= Aftermath (comics) =

American comic book imprint

Aftermath was a super hero comic book imprint published by Devil's Due Publishing. A brainchild of Josh Blaylock, the new imprint aimed to establish a new, accessible, continuity-free universe that could later be expanded into a series of multi-media franchises. The imprint drew inspirations from comic book superheroes, as well pulp fiction, various cult genres and modern-day pop culture.

Aftermath premiered in 2004 with four comic book titles (in order of debut): Defex, Breakdown, the Blade of Kumori, and Infantry. Each title was based on a concept conceived by Josh Blaylock, who provided the basic outline and the loose framework which connected those titles. Each creative team was given considerably leeway to develop those concepts as they saw fit. For the initial arc, the idea of the shared universe was deemphasized in favor of giving each title its own identity.
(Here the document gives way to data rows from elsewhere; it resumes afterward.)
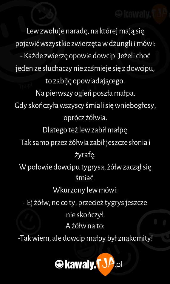 - Każde zwierzę opowie dowcip. Jeżeli choć jeden ze słuchaczy nie zaśmieje się z dowcipu, to zabiję opowiadającego.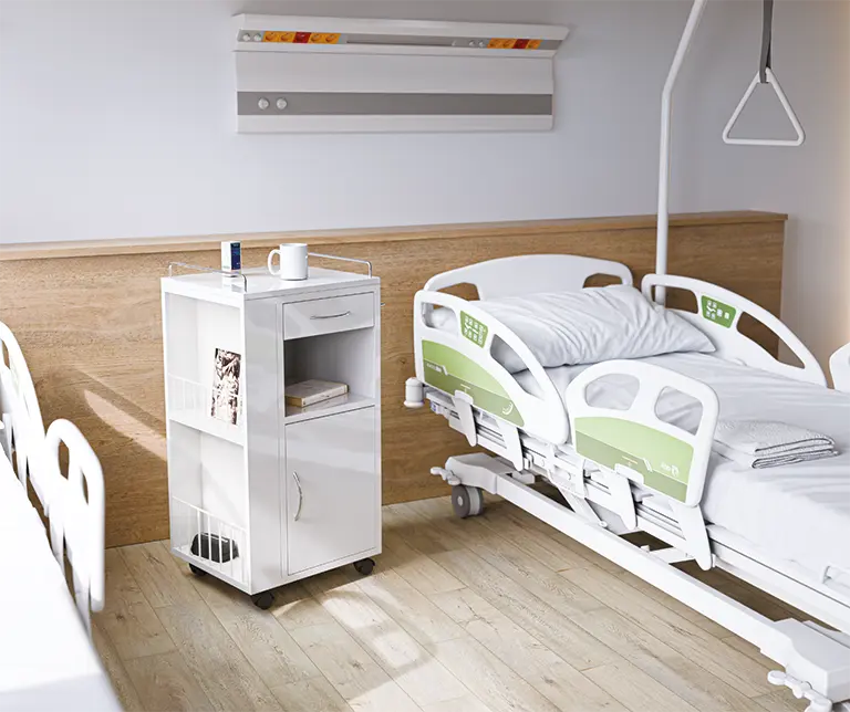 celokovový jednostranný noční stolek v bílém laku, horní deska z bílého lamina s kovovými hrazdami zabraňující pádům předmětů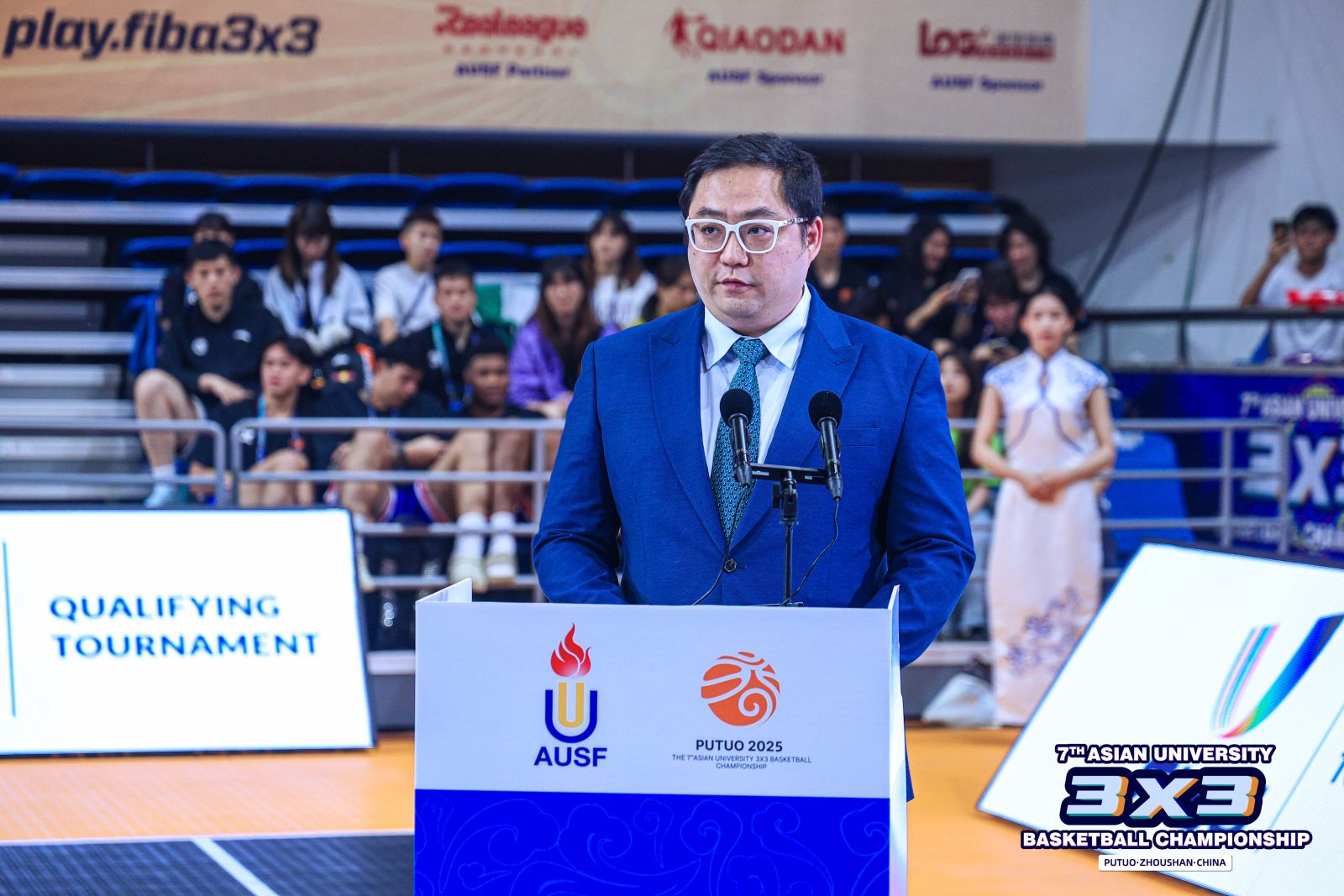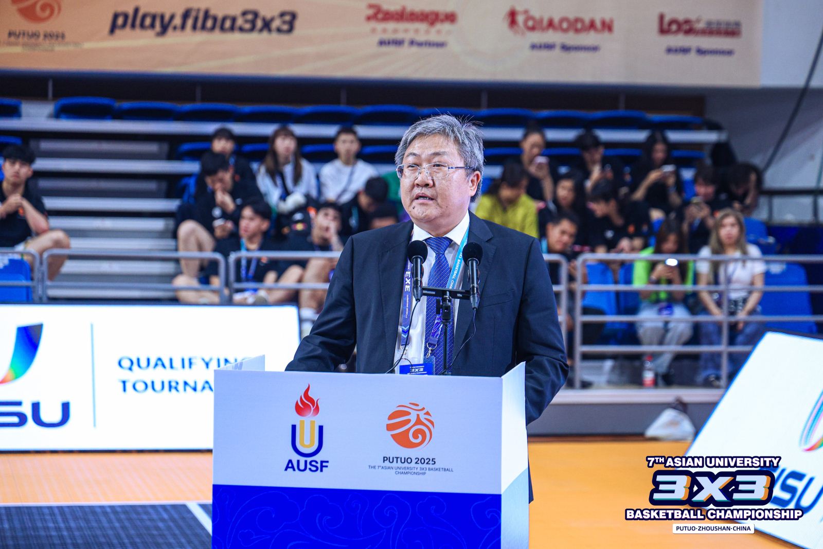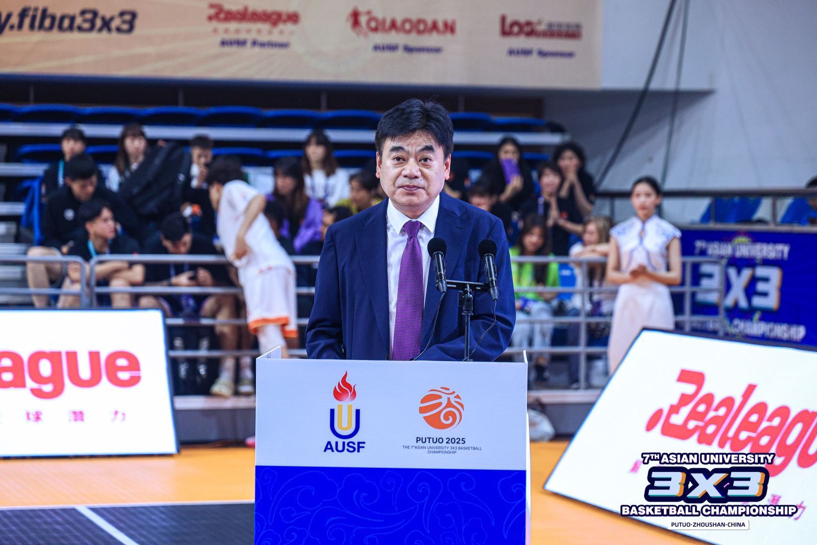 Zhoushan, China – The 7th Asian University 3×3 Basketball Championship kicked off on the evening of May 23 in Putuo District, Zhoushan City, Zhejiang Province, with the first day of competition officially underway. Dr. Liu Lixin, President of the Asian University Sports Federation (AUSF), President and Secretary General of the China Student Sports Federation (CSSF), attended the opening ceremony. Mr. LOU Kit Long, AUSF Regional Representative and CISCA Chair, delivered a speech on behalf of AUSF. The OC President Mr. Sun Zhilong delivered a welcome address, while An Hailong, OC Vice President, presided over the ceremony.

By spring 2005, it became clear that sales were not large enough to support the line. Josh Blaylock canceled all titles with the intention of relaunching Aftermath Universe as a single title that would involve characters from all prior titles and introduce new characters (in essence, an imprint-wide crossover). However, after looking at sales figures, Devil Due's staff came to the conclusion that any attempt to revive the line would not be financially viable. As of this writing, there has been no effort to revive the Aftermath Universe.

Due to the abruptness of the initial cancellation, only Defex and Breakdown were able to finish their initial story arc. Blade of Kumori and Infantry were cancelled after five and four issues, respectively.